2.1.6 Open spatial data sources
There is a wealth of open spatial data accessible online now via static URLs or APIs - a few examples include Data.gov, NASA SECAC Portal, Natural Earth, UNEP GEOdata, and countless others listed here at Free GIS Data
2.1.7 Spatial data from R packages
There are also a number of R packages written specifically to provide access to geospatial data - below are a few and we’ll step through some examples of pulling in data using some of these packages.
| Package name | Description | 
|---|---|
| USABoundaries | Provide historic and contemporary boundaries of the US | 
| tigris | Download and use US Census TIGER/Line Shapefiles in R | 
| tidycensus | Uses Census American Community API to return tidyverse and optionally sf ready data frames | 
| FedData | Functions for downloading geospatial data from several federal sources | 
| elevatr | Access elevation data from various APIs (by Jeff Hollister) | 
| getlandsat | Provides access to Landsat 8 data. | 
| osmdata | Download and import of OpenStreetMap data. | 
| raster | The getData() function downloads and imports administrative country, SRTM/ASTER elevation, WorldClim data. | 
| rnaturalearth | Functions to download Natural Earth vector and raster data, including world country borders. | 
| rnoaa | An R interface to National Oceanic and Atmospheric Administration (NOAA) climate data. | 
| rWBclimate | An access to the World Bank climate data. | 
Below is an example of pulling in US states using the rnaturalearth package - note that the default is to pull in data as sp objects and we coerce to sf. Also take a look at the chained operation using dplyr. Try changing the filter or a parameter in ggplot.
library(rnaturalearth)
library(dplyr)
library(ggplot2)
states <- ne_states(country = 'United States of America')
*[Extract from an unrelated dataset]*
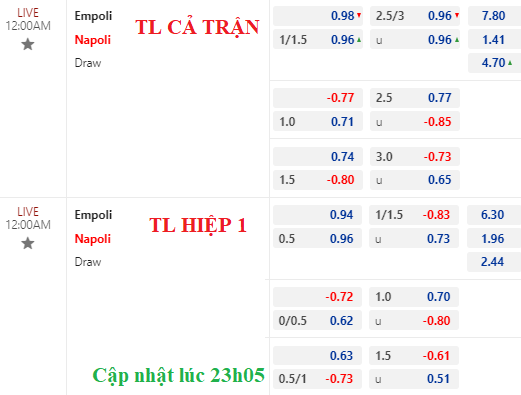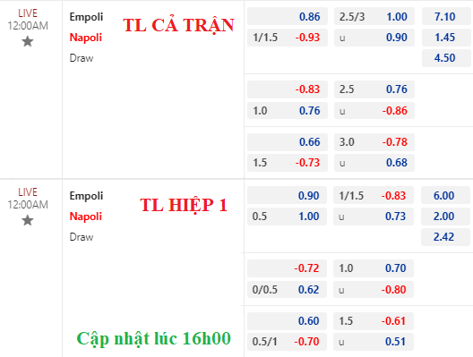 Trên sàn châu Á, Napoli vẫn chấp 1 1/4 nhưng điểm ăn cho 2 cửa đã trở nên cân bằng hơn, thay vì mức bỏ sâu cho khách như chiều nay. Trong khi đó, tài xỉu vẫn là 2 3/4 với lợi nhuận không chênh lệch giữa 2 cửa.

states_sf <- st_as_sf(states)
states_sf %>%
  dplyr::filter(!name %in% c('Hawaii','Alaska') & !is.na(name)) %>%
  ggplot + geom_sf()
2.1.8 Read in raster data
Here we use the getData function in the raster package to download elevation into a RasterLayer and grab administrative boundaries from a database of global administrative boundaries - warning: sometimes getData function has trouble accessing the server and download can be a bit slow. Here we see as well how we can use vector spataio polygon data to crop raster data.
library(raster)
US <- getData("GADM",country="USA",level=2)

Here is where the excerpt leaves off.